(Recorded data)
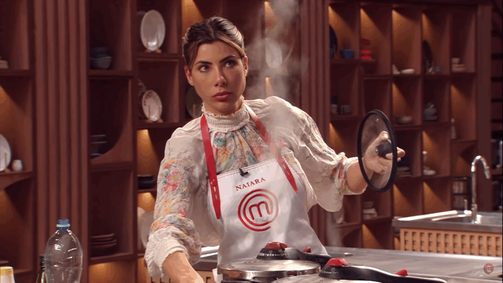 Na prova de eliminação, o desafio foi trabalhar com ingredientes fermentados, sob avaliação do convidado Leonardo Andrade, especialista da Companhia dos Fermentados. Diante de uma bancada repleta de conservas e insumos pouco familiares, Naiara recebeu do colega Guilherme a missão de trabalhar com mandioca fermentada como ingrediente principal. “Eu tô ferrada, Jesus. Não sei exatamente ainda o que vou fazer”, desabafou enquanto fazia o mercado. Mesmo sem ter experimentado previamente o ingrediente-chave, a designer náutica conseguiu entregar um prato coerente, com ossobuco, mandioca grelhada e um molho de sabor equilibrado.
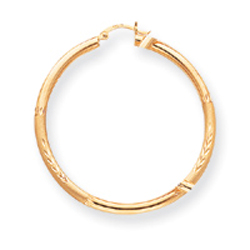 14K Gold Satin & Diamond-Cut 3x50mm Round Hoop Earrings
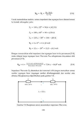 maka didapat harga tegangan fasor Thevenin Vth sebagaimana dinyatakan oleh
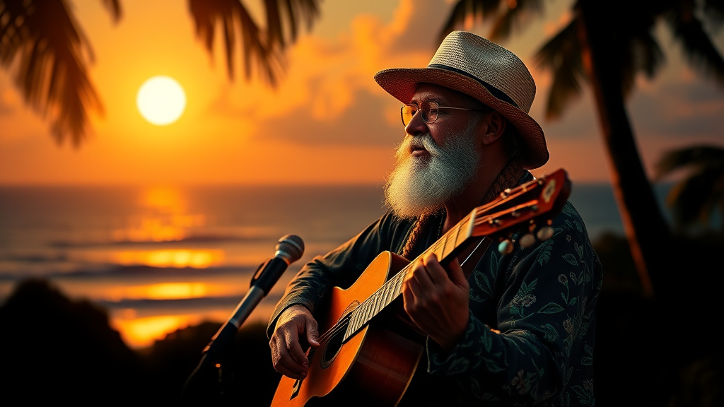 A sun-kissed island legend, weaving stories of unity and love through soulful rhythms and heartfelt lyrics, offering solace and inspiration to a diverse world with each strum of his guitar, spreading messages of peace that resonate across generations.
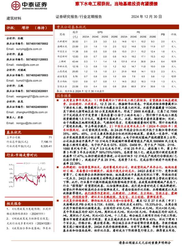【中泰证券】【20241230】建筑材料行业:雅下水电工程获批,当地基建投资有望提振-19页
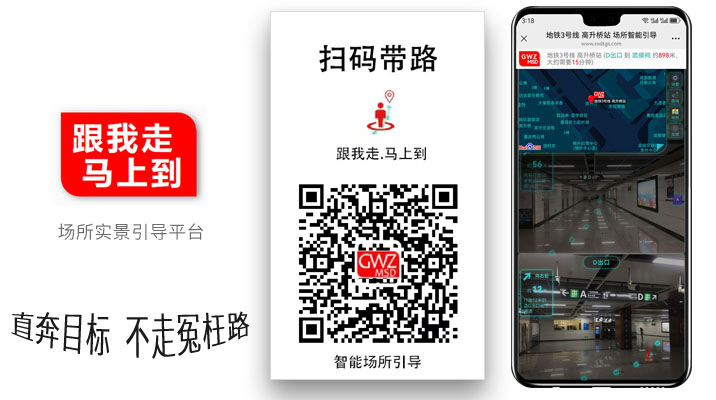 "跟我走.马上到"是精准的场所引导服务平台,在您还没有到达目的地时,目的地已经以实景方式呈现在您的面前,高效精准的引导您到达目的地。
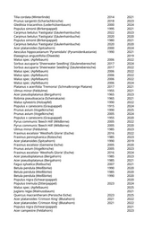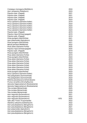 Tilia cordata (Winterlinde) 2014 2021 Prunus sargentii (Scharlachkirsche) 2018 2023 Gleditsia triacanthos (Lederhülsenbaum) 2000 2024 Populus simonii (Birkenpappel) 1995 2021 Carpinus betulus 'Fastigiata' (Säulenhainbuche) 2022 2023 Carpinus betulus 'Fastigiata' (Säulenhainbuche) 2020 2020 Populus simonii (Birkenpappel) 1980 2021 Carpinus betulus 'Fastigiata' (Säulenhainbuche) 2020 2020 Acer platanoides (Spitzahorn) 2000 2024 Aesculus hippocastanum 'Pyramidalis' (Pyramidenkastanie) 1990 2021 Elaeagnus angustifolia (Ölweide) 2019 Malus spec. (Apfelbaum) 2006 2022 Sorbus aucuparia 'Sheerwater Seedling' (Säuleneberesche) 2017 2024 Sorbus aucuparia 'Sheerwater Seedling' (Säuleneberesche) 2017 2022 Malus spec. (Apfelbaum) 2006 2022 Malus spec. (Apfelbaum) 2006 2022 Malus spec. (Apfelbaum) 2006 2022 Malus spec. (Apfelbaum) 2006 2024 Platanus x acerifolia 'Tremonia' (Schmalkronige Platane) 2017 2021 Ulmus minor (Feldulme) 1955 2021 Acer pseudoplatanus (Bergahorn) 1965 2023 Robinia pseudoacacia (Scheinakazie) 1965 2021 Malus sylvestris (Holzapfel) 1990 2022 Populus x canescens (Graupappel) 1915 2024 Prunus avium (Vogelkirsche) 1990 2025 Prunus avium (Vogelkirsche) 2005 2024 Populus x canescens (Graupappel) 1955 2020 Pyrus communis 'Beech Hill' (Wildbirne) 2005 2022 Pyrus communis 'Beech Hill' (Wildbirne) 2005 2020 Ulmus minor (Feldulme) 1985 2023 Fraxinus excelsior 'Westhofs Glorie' (Esche) 2016 2022 Fraxinus pennsylvanica (Rotesche) 1985 2023 Acer platanoides (Spitzahorn) 1990 2019 Fraxinus excelsior (Gemeine Esche) 2005 2020 Prunus avium (Vogelkirsche) 2005 2023 Fraxinus excelsior 'Westhofs Glorie' (Esche) 2016 2024 Acer pseudoplatanus (Bergahorn) 1985 2023 Acer pseudoplatanus (Bergahorn) 1985 2021 Fagus sylvatica (Rotbuche) 2007 2021 Betula pendula (Weißbirke) 1990 2020 Betula pendula (Weißbirke) 1985 2020 Betula pendula (Weißbirke) 1990 2020 Populus nigra (Schwarzpappel) 2020 Populus tremula (Zitterpappel) 2023 2024 Malus spec. (Apfelbaum) 2025 Juglans regia (Walnussbaum) 2021 Quercus macrantheram (Persische Eiche) 2023 2025 Acer platanoides 'Crimson King' (Blutahorn) 2021 2022 Acer platanoides 'Crimson King' (Blutahorn) 2021 2022 Populus nigra (Schwarzpappel) 2021 Acer campestre (Feldahorn) 2023
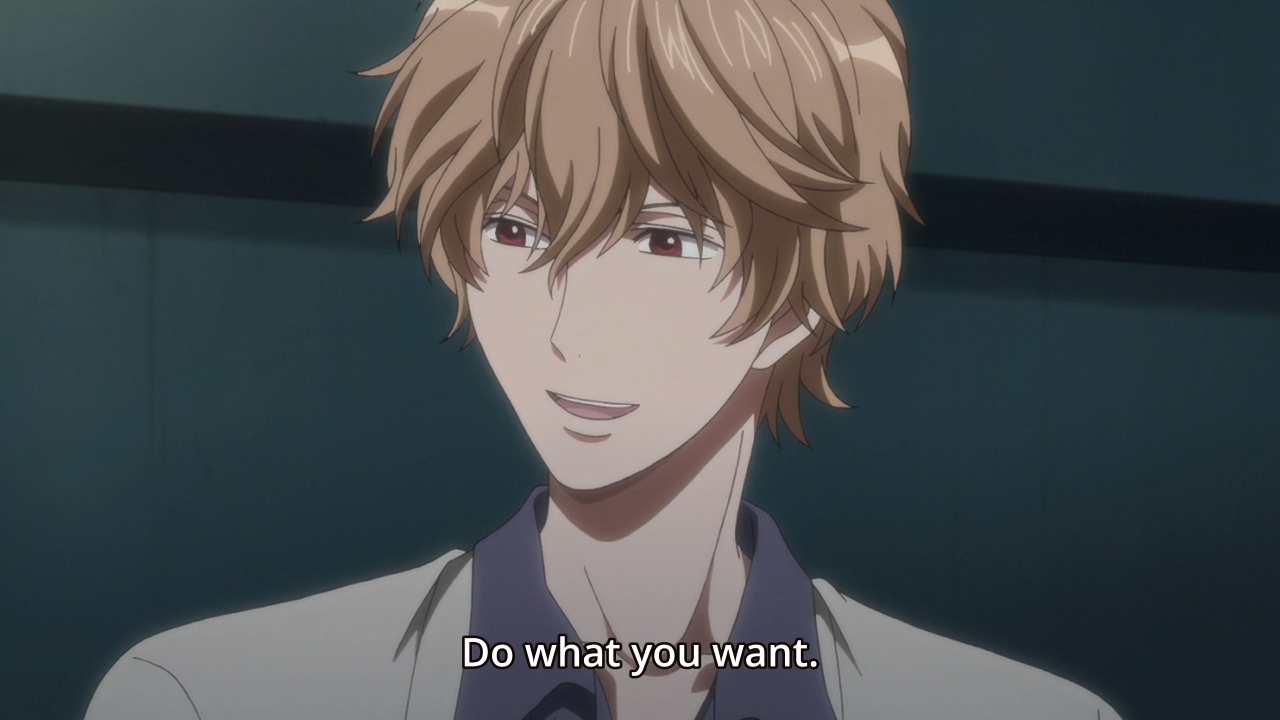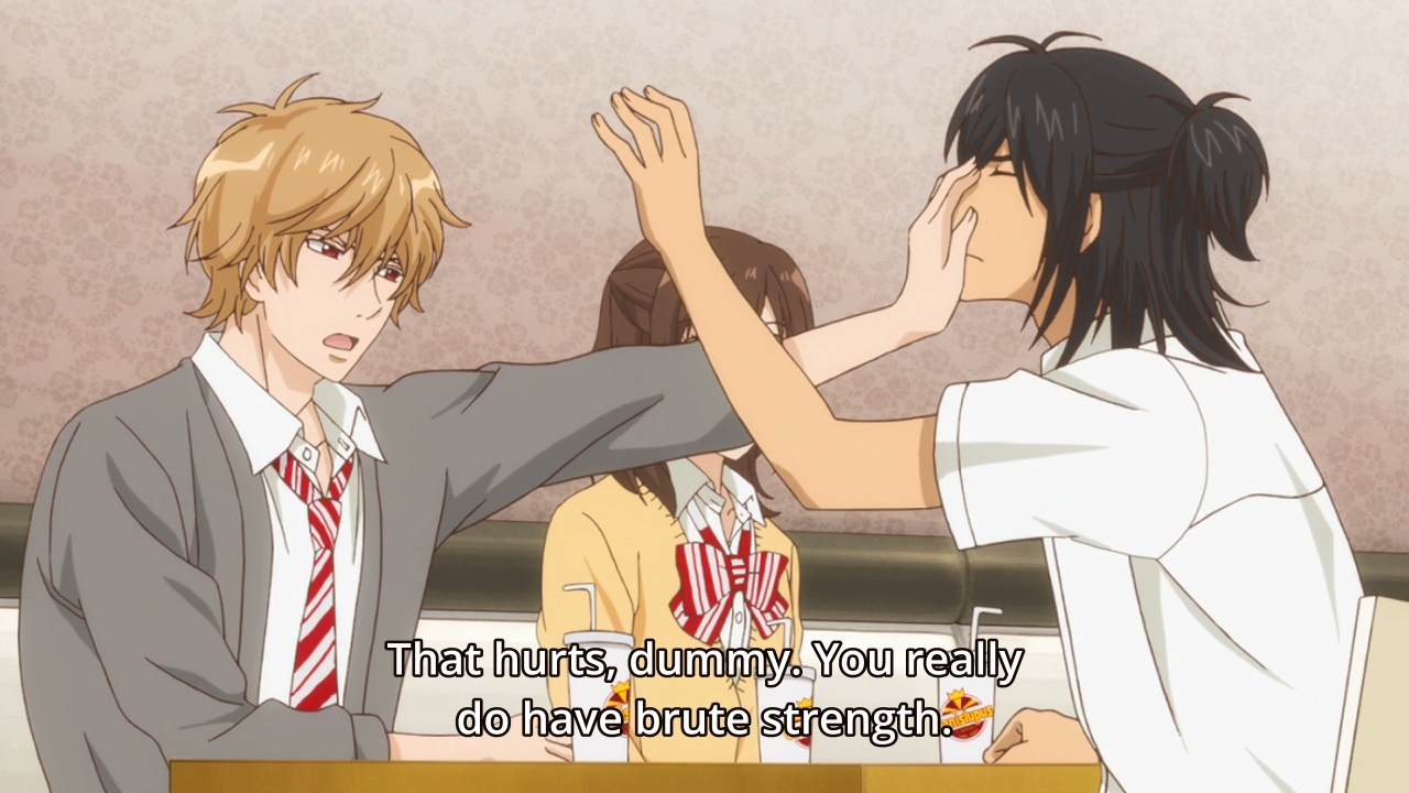 — Thinking that Takeru is a nice guy, Erika pours her heart out to him. The former immediately wants to beat a “change of heart” into Kyouya. Uh-huh. But it gets even better when Erika stops him and say, “I’m not trying to fix his warped personality.” Everyone in this show is fucked in the head. Except Ayumi, of course. Then again, she’s still friends with Erika, so who even knows? I don’t think I could stand watching a friend throw herself into a toxic relationship.

> _WHAT YOU HAVE TO DO_: Reproduce the records verbatim, omitting all images they contain.

> _ANSWER_:
 Na prova de eliminação, o desafio foi trabalhar com ingredientes fermentados, sob avaliação do convidado Leonardo Andrade, especialista da Companhia dos Fermentados. Diante de uma bancada repleta de conservas e insumos pouco familiares, Naiara recebeu do colega Guilherme a missão de trabalhar com mandioca fermentada como ingrediente principal. “Eu tô ferrada, Jesus. Não sei exatamente ainda o que vou fazer”, desabafou enquanto fazia o mercado. Mesmo sem ter experimentado previamente o ingrediente-chave, a designer náutica conseguiu entregar um prato coerente, com ossobuco, mandioca grelhada e um molho de sabor equilibrado.
 14K Gold Satin & Diamond-Cut 3x50mm Round Hoop Earrings
 maka didapat harga tegangan fasor Thevenin Vth sebagaimana dinyatakan oleh
 A sun-kissed island legend, weaving stories of unity and love through soulful rhythms and heartfelt lyrics, offering solace and inspiration to a diverse world with each strum of his guitar, spreading messages of peace that resonate across generations.
【中泰证券】【20241230】建筑材料行业:雅下水电工程获批,当地基建投资有望提振-19页
 "跟我走.马上到"是精准的场所引导服务平台,在您还没有到达目的地时,目的地已经以实景方式呈现在您的面前,高效精准的引导您到达目的地。
 Tilia cordata (Winterlinde) 2014 2021 Prunus sargentii (Scharlachkirsche) 2018 2023 Gleditsia triacanthos (Lederhülsenbaum) 2000 2024 Populus simonii (Birkenpappel) 1995 2021 Carpinus betulus 'Fastigiata' (Säulenhainbuche) 2022 2023 Carpinus betulus 'Fastigiata' (Säulenhainbuche) 2020 2020 Populus simonii (Birkenpappel) 1980 2021 Carpinus betulus 'Fastigiata' (Säulenhainbuche) 2020 2020 Acer platanoides (Spitzahorn) 2000 2024 Aesculus hippocastanum 'Pyramidalis' (Pyramidenkastanie) 1990 2021 Elaeagnus angustifolia (Ölweide) 2019 Malus spec. (Apfelbaum) 2006 2022 Sorbus aucuparia 'Sheerwater Seedling' (Säuleneberesche) 2017 2024 Sorbus aucuparia 'Sheerwater Seedling' (Säuleneberesche) 2017 2022 Malus spec. (Apfelbaum) 2006 2022 Malus spec. (Apfelbaum) 2006 2022 Malus spec. (Apfelbaum) 2006 2022 Malus spec. (Apfelbaum) 2006 2024 Platanus x acerifolia 'Tremonia' (Schmalkronige Platane) 2017 2021 Ulmus minor (Feldulme) 1955 2021 Acer pseudoplatanus (Bergahorn) 1965 2023 Robinia pseudoacacia (Scheinakazie) 1965 2021 Malus sylvestris (Holzapfel) 1990 2022 Populus x canescens (Graupappel) 1915 2024 Prunus avium (Vogelkirsche) 1990 2025 Prunus avium (Vogelkirsche) 2005 2024 Populus x canescens (Graupappel) 1955 2020 Pyrus communis 'Beech Hill' (Wildbirne) 2005 2022 Pyrus communis 'Beech Hill' (Wildbirne) 2005 2020 Ulmus minor (Feldulme) 1985 2023 Fraxinus excelsior 'Westhofs Glorie' (Esche) 2016 2022 Fraxinus pennsylvanica (Rotesche) 1985 2023 Acer platanoides (Spitzahorn) 1990 2019 Fraxinus excelsior (Gemeine Esche) 2005 2020 Prunus avium (Vogelkirsche) 2005 2023 Fraxinus excelsior 'Westhofs Glorie' (Esche) 2016 2024 Acer pseudoplatanus (Bergahorn) 1985 2023 Acer pseudoplatanus (Bergahorn) 1985 2021 Fagus sylvatica (Rotbuche) 2007 2021 Betula pendula (Weißbirke) 1990 2020 Betula pendula (Weißbirke) 1985 2020 Betula pendula (Weißbirke) 1990 2020 Populus nigra (Schwarzpappel) 2020 Populus tremula (Zitterpappel) 2023 2024 Malus spec. (Apfelbaum) 2025 Juglans regia (Walnussbaum) 2021 Quercus macrantheram (Persische Eiche) 2023 2025 Acer platanoides 'Crimson King' (Blutahorn) 2021 2022 Acer platanoides 'Crimson King' (Blutahorn) 2021 2022 Populus nigra (Schwarzpappel) 2021 Acer campestre (Feldahorn) 2023
 — Thinking that Takeru is a nice guy, Erika pours her heart out to him. The former immediately wants to beat a “change of heart” into Kyouya. Uh-huh. But it gets even better when Erika stops him and say, “I’m not trying to fix his warped personality.” Everyone in this show is fucked in the head. Except Ayumi, of course. Then again, she’s still friends with Erika, so who even knows? I don’t think I could stand watching a friend throw herself into a toxic relationship.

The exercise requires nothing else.